WOW! Thanks for that. Just what I was looking for. I see that you are using the OEM version not the DLR version I had. A lot of those parameters were greyed out in mine so I upgraded it to OEM. I will start slow and change one thing at a time so it may take awhile to test but I really appreciate all the time you took to screen print each page. The help file in this version is also much better. I am really hoping this is just a settings issue and not a physical problem with motor, adapter or transmission.


----------



## Ejeeper (3 mo ago)

[/QUOTE]Can I just take the controller off the can bus and leave the Orion? I was trying to use the Orion data to run Torque Pro on my head unit to display battery soc, current and speed. So far not so successful maybe just what you are saying, the HV9 is not talking the same language.


----------



## SimonRafferty (Apr 13, 2009)

You could just disconnect the CANBUS from the Hyperdrive - but you still need to disable it in TAU. Personally, I'd leave it connected. Down the line, you might want to use it. You never know, Orion might add proper CAN to their BMS?

100% your problem is in the settings! 
If it were caused by a source of drag, that source would be soaking up 100Hp plus. That alone would very quickly turn it into a moulten blob of something!
Also, your log file shows the power sent to the motor is very limited.

You won't get Torque to read data from the Hyperdrive - as you say, they speak completely different languages! In a way, it's good that the Orion speaks OBD, as it means you can read all your battery status data with torque.









You may still be able to read the speed from the Vehicle ECU in Torque. RPM is really the only thing you might want out of the Hyperdrive - and honestly it's not very useful to know in an EV as the controller limits the RPM to something that's safe.

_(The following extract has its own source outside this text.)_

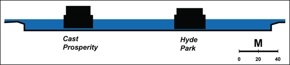 Le Cast Prosperity a tenté de rattraper le Hyde Park entre les bouées S-31/S-32 et S-43/S-44. Dans cette zone, le chenal navigable a 11,3 m de profondeur et 250 m de largeur. À l'extérieur du chenal, l'eau est très peu profonde, la ligne bathymétrique des 5 m avoisinant le bord du chenal à la hauteur des bouées S-43/S-44 (voir Figure 4).

I've made my Tacho read the power (Voltage x Current) delivered to the motor (read from the Orion) which is more useful info.


----------



## Ejeeper (3 mo ago)

SimonRafferty said:


> You could just disconnect the CANBUS from the Hyperdrive - but you still need to disable it in TAU. Personally, I'd leave it connected. Down the line, you might want to use it. You never know, Orion might add proper CAN to their BMS?
> 
> 100% your problem is in the settings!
> If it were caused by a source of drag, that source would be soaking up 100Hp plus. That alone would very quickly turn it into a moulten blob of something!
> ...


Excellent info thanks! What is your vehicle, traction pack and charger? Do you run Torque from the phone/tablet or do you have an android head unit? I get speed from the Pumpkin PX6 chinese head unit gps, not sure how accurate but it's close. My donor Jeep is a very old '70's rebuilt with parts of everything several times, with no ECU. It needs a front end alignment & rear wheel bearings. I upped the traction profile 1 acceleration to 100% from 70%, I changed speed limit max forward speed to 100 from 80. After that test run it improved somewhat on the straightaway. Current was reading around 300-400 on the live data screen going probably 30mph. Then I upped the current on the motor and control 1 tab to 390 like yours. I definitely got a bit more on the top end but still VERY slow out of the gate. I am going to try using 100% for max reverse today. I still have that at 30%. I does seem like reverse may have more power from a dead stop.


----------



## SimonRafferty (Apr 13, 2009)

My vehicle is a 2021 Polaris General - Thread here https://www.diyelectriccar.com/threads/electric-2021-polaris-general.206376/

It's running a Hyper9, Elcon 3.3kW Charger, Orion BMS, Mystery 1kW DCDC Converter. The Orion & charger talk happily over CANBUS.

I'm just using Torque for battery diagnostics. My dash is entirely CAN driven - so I have an Arduino which reads parameters from the Electric drive + original ECU + ABS Controller to display speed etc on the OE dash.

I also have a little display based on one of these, An M5-Tough:








Which displays calculated range & a few other bits of useful diagnostic info.


----------



## Ejeeper (3 mo ago)

SimonRafferty said:


> My vehicle is a 2021 Polaris General - Thread here https://www.diyelectriccar.com/threads/electric-2021-polaris-general.206376/
> 
> It's running a Hyper9, Elcon 3.3kW Charger, Orion BMS, Mystery 1kW DCDC Converter. The Orion & charger talk happily over CANBUS.
> 
> ...


just WOW! I took a look at your build link. I am quite impressed! Your attention to details and the precision of the build are amazing. That motor bracket looks exceptional. What battery modules are you using ? They look much smaller than my tesla's. I chose them because it seemed like they had more capacity for the size but yours fit so nicely. I sort of wished I hadn't used them because of their shape and they are somewhat fragile and difficult to get them to fit gracefully in the battery boxes. But they do work well with the Orion BMS.


----------



## SimonRafferty (Apr 13, 2009)

Ironically, I wish I'd used ready-made batteries from a car!
Mine are made out of Prismatic BYD LiFePO4 Cells. I wanted LiFePO4 because they're less likely to catch fire if abused!
I just assembled them into two packs which fitted in the space available!

The down-side is all the cell-tap wiring, having to get a near perfect connection to each battery. To make the Orion happy, I had to polish the terminals & buss bars to get a good enough connection for it not to throw a wobbly!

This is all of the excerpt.